An angry shade of Green

DR at the Frogblog says all there is to be said about the Greens not being invited to the Ball. Whatever you were going to say about the deal the Greens have been handed, they're already saying it themselves. They've been screwed:

‘Spokeswoman for solar heating’ for goodness sake. Pathetic. ‘Spokesman for buy locally made’ … good grief. These are nonsense baubles, and will be full of burble.

No wonder the Green Party executive decided not to hold its promised SGM. There would’ve been blood on the floor. What an abysmal sellout, and no arguing about ‘this is the hand the voter dealt us’ excuses. We Greens [I am a financial, card carrying member] ran a poor campaign, chose generally poor candidates, have had six years in Parliament to build communications with media, business, farmers, and every other group with a name and chose not to, and have allowed image to remain a mishmash of badly thought out and poorly marketed policies. Frankly, we deserved to be done over. We have been, right royally.

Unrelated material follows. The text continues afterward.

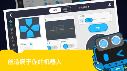 -焕然一新的 UI 设计,友好的交互界面。-操控性能更强,上手更简单:用户可以随心欲操控机器人唱歌、跳舞、亮灯,让STEAM 教育学习过程更轻松愉快。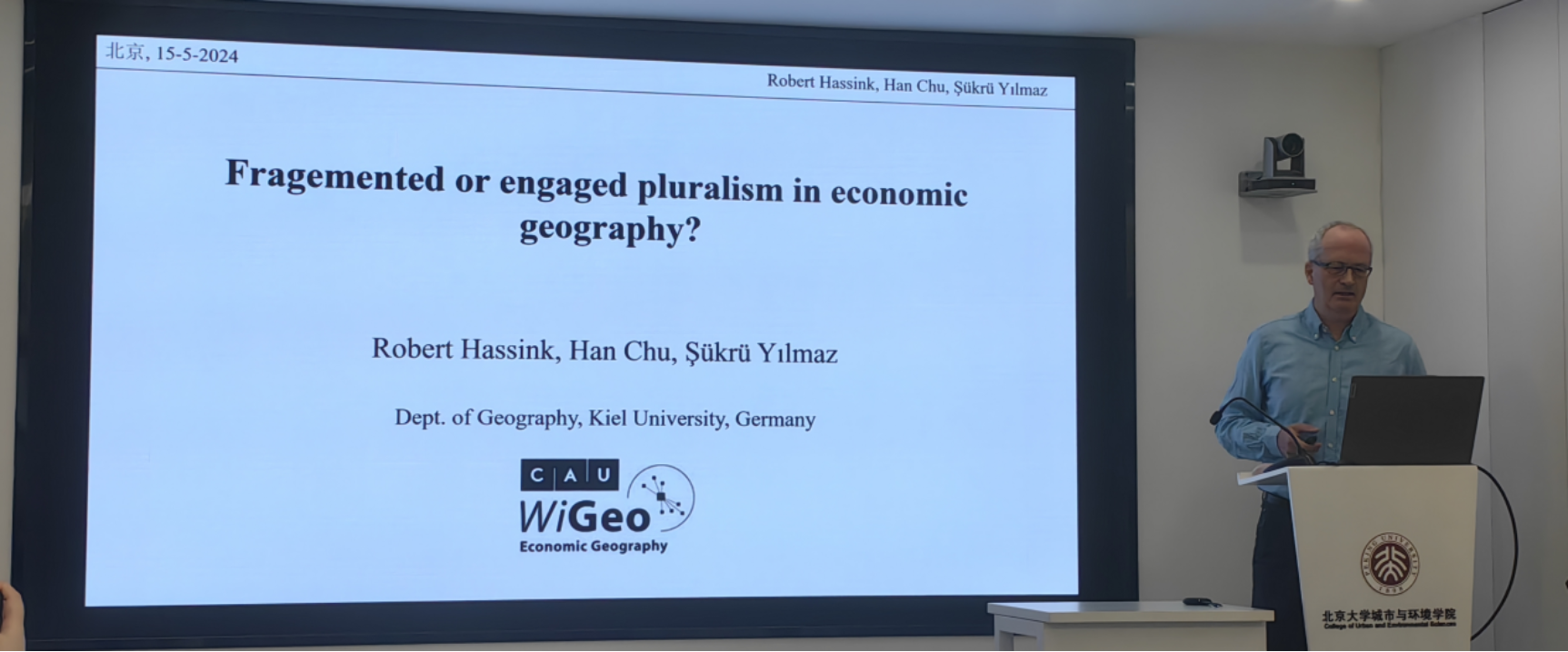 本次论坛为期三天。5月15日上午,贺灿飞教授主持“经济地理学进展”研究生课程,Hassink教授作为演讲嘉宾首先对经济地理学不同范式的研究内容、核心主题与研究方法进行了详细的介绍。随后Niebuhr教授就德国劳动力市场韧性进行了详细的分析。与会同学与德国专家积极探讨,尤其关注政策、区域外部力量等对德国经济韧性的影响。

Now, it’s time to change the leadership, the executive, the electorate structures and get some new blood in, people with cojones, who won’t slither away from confronting reality.

We’ve had 30 years to go from 5.3% of the popular vote in 1975 [as Values Party] to 5.3% in 2005. That is not progress my friends, that’s treading a pool of stagnant water.

And check out the vitriol on this thread from Green supporters. Nobody does in-fighting like the hard left. Meanwhile, on the soft left, Russell Brown spins the Green's baubles, just as he earlier defended Winston. Maybe he's after a job as Labour Party speechwriter?

1 comment:

Berend de Boer said...

Hmm, I came for some blood letting, but it's only phil u. DR makes some good points, but nobody is following up there. Just that in three years time they will do better. Strange, everything will get worse according to the Greens, except their party.

Now I'm waiting for the blood letting of the Libertarianz. The election was a failure, where is the definitive analysis?